Work required:
Among the entries that follow, find every line with the word "experience" and list it.

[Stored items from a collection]
+++++

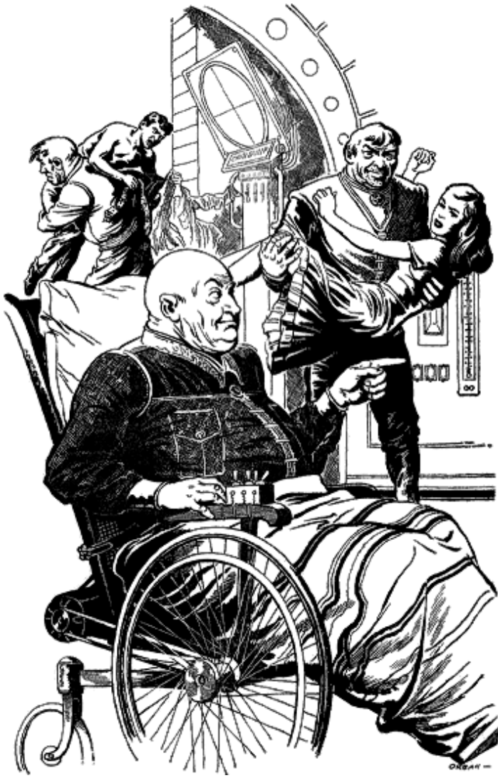
Figure 1: Illustration by Paul Orban

THE WHEELCHAIR tracks abruptly made a ninety-degree turn and ended at a blank wall. Somewhere beyond it must be the communications room.
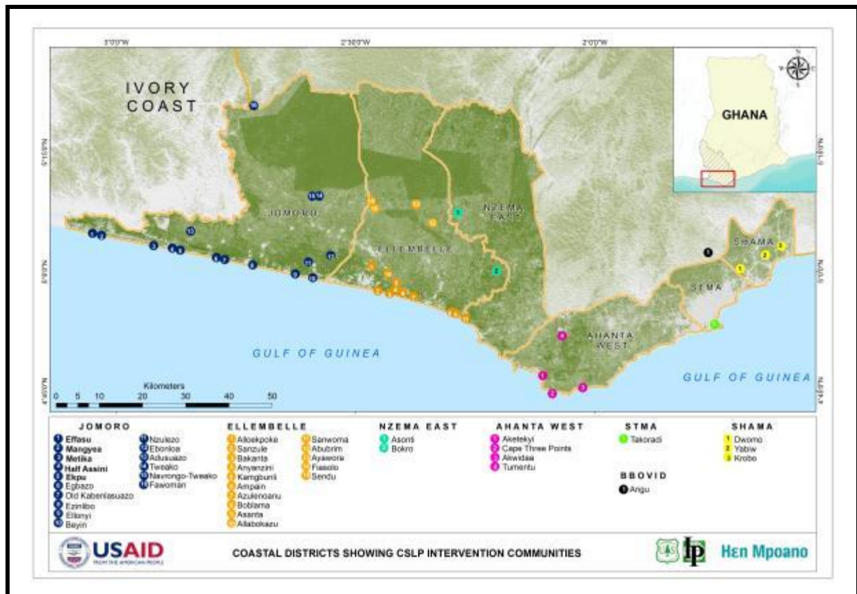
Figure 1. The six coastal districts of the CSLP area and core intervention communities

Road infrastructure in the region is poor, and communication technology weak, and together present daily challenges for accomplishing project goals. The technical team has embraced the lessons learned from the initial years of the project and it will continue to learn and apply these in FY2018, the fifth year of the project.
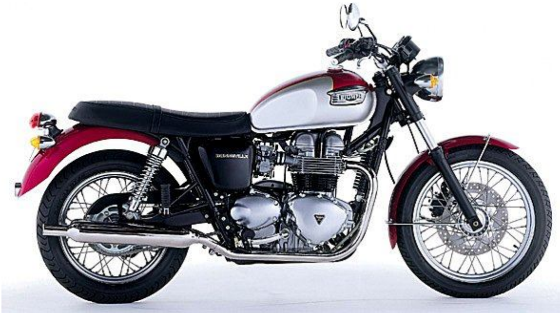
Bonneville in Scarlet Red & Warm Silver - Model Years 2001 - 2002
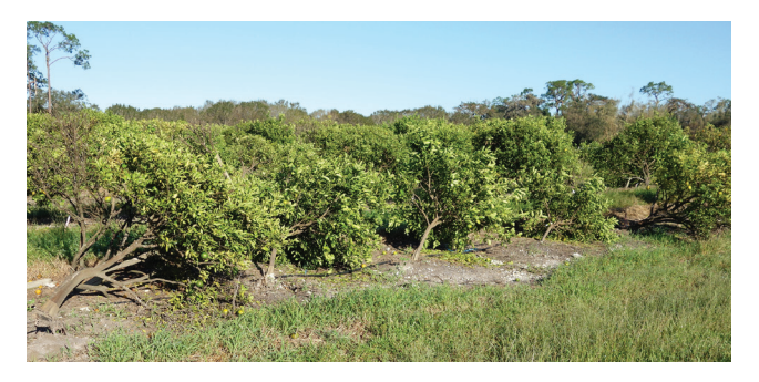
Fig.6 Wind Damage to Florida Citrus Trees

Consider what happens if sheltering operations need to move to a new site during a disaster, and the COAD does not have an MOU for the facility. COADs need to be flexible and ready to reach out to the network of COAD members and partners in emergency management, local government, and state and national partners.
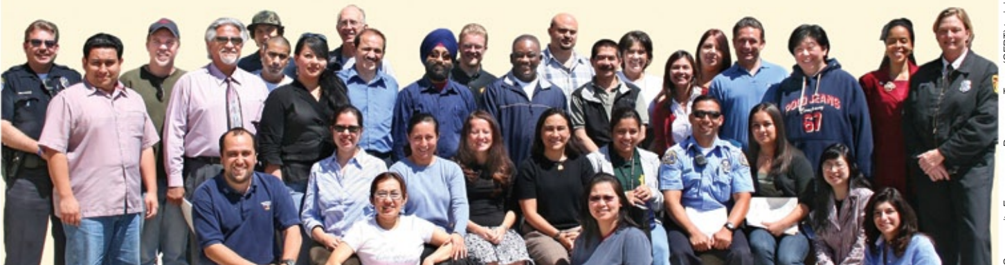
Community Emergency Response Team (CERT) training—class of April 2006.

Tip: Avoid long lines by picking up your permit early! We begin selling permits during the 10th week of the quarter and offer extended hours the first two weeks of the new quarter, including some Saturdays from 9:00 a.m. to 1:00 p.m.
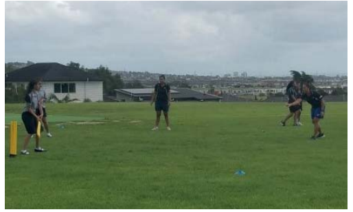
Coaching at Nga Iwi and Mission Heights

During the season, the Club forged a relationship with Counties Manukau Kirikiti Association as a means of tapping into that sporting community. The Club provided with coaching in local schools and assisted with local tournaments where able. The closeness of the two formats was highlighted when the Papatoetoe Premier Women's team entered in and won a Kilikiti tournament in January.
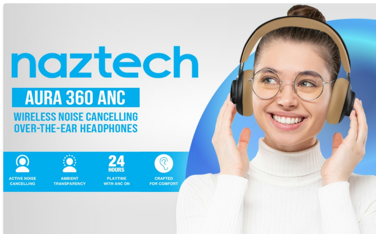
Image: Naztech Aura 360 ANC headphones in use, highlighting the immersive audio experience.

Thank you for choosing the Naztech Aura 360 ANC Wireless Over-Ear Headphones. These headphones are designed to provide a superior audio experience with advanced features for comfort and convenience. This manual will guide you through the setup, operation, and maintenance of your new headphones.
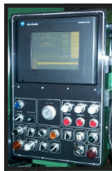
New Hi-Rez™ Operator Control with Custom Grinding Software
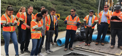
A group of young professionals in the Coro Fellowship Program learned what it takes to replace a valve and why doing so is important to the District's infrastructure improvement and water reliability program.

Over the last few months, several different community groups visited us to learn about topics ranging from water supply, conservation, infrastructure, careers and much more. At Moulton Niguel, we appreciate the opportunity to meet with our customers and interested community members to showcase how we provide high-quality water on a day-to-day basis. Students and young professionals of all ages toured District facilities to learn firsthand about how our infrastructure delivers reliable water service, and got to meet the staff who oversee our daily operations. We were pleased to have our Board Members participate in several of the events and lead discussions about our service-minded organization.
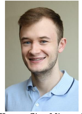
Kansas City, Missouri

Participants who were rejected by their partner chose to eat healthy and unhealthy foods less. Per the literature surrounding stress research, rejected participants were expected to eat more unhealthy foods; however, they demonstrated restricted eating behaviors after stress exposure. It was likely that the nature of the stress in this experiment, the stress stemming from the social rejection by first impression, might have guided the individuals to turn their attention inward, causing them to self-consciously restrict their eating.

+++++

Task result:
Image: Naztech Aura 360 ANC headphones in use, highlighting the immersive audio experience.
Thank you for choosing the Naztech Aura 360 ANC Wireless Over-Ear Headphones. These headphones are designed to provide a superior audio experience with advanced features for comfort and convenience. This manual will guide you through the setup, operation, and maintenance of your new headphones.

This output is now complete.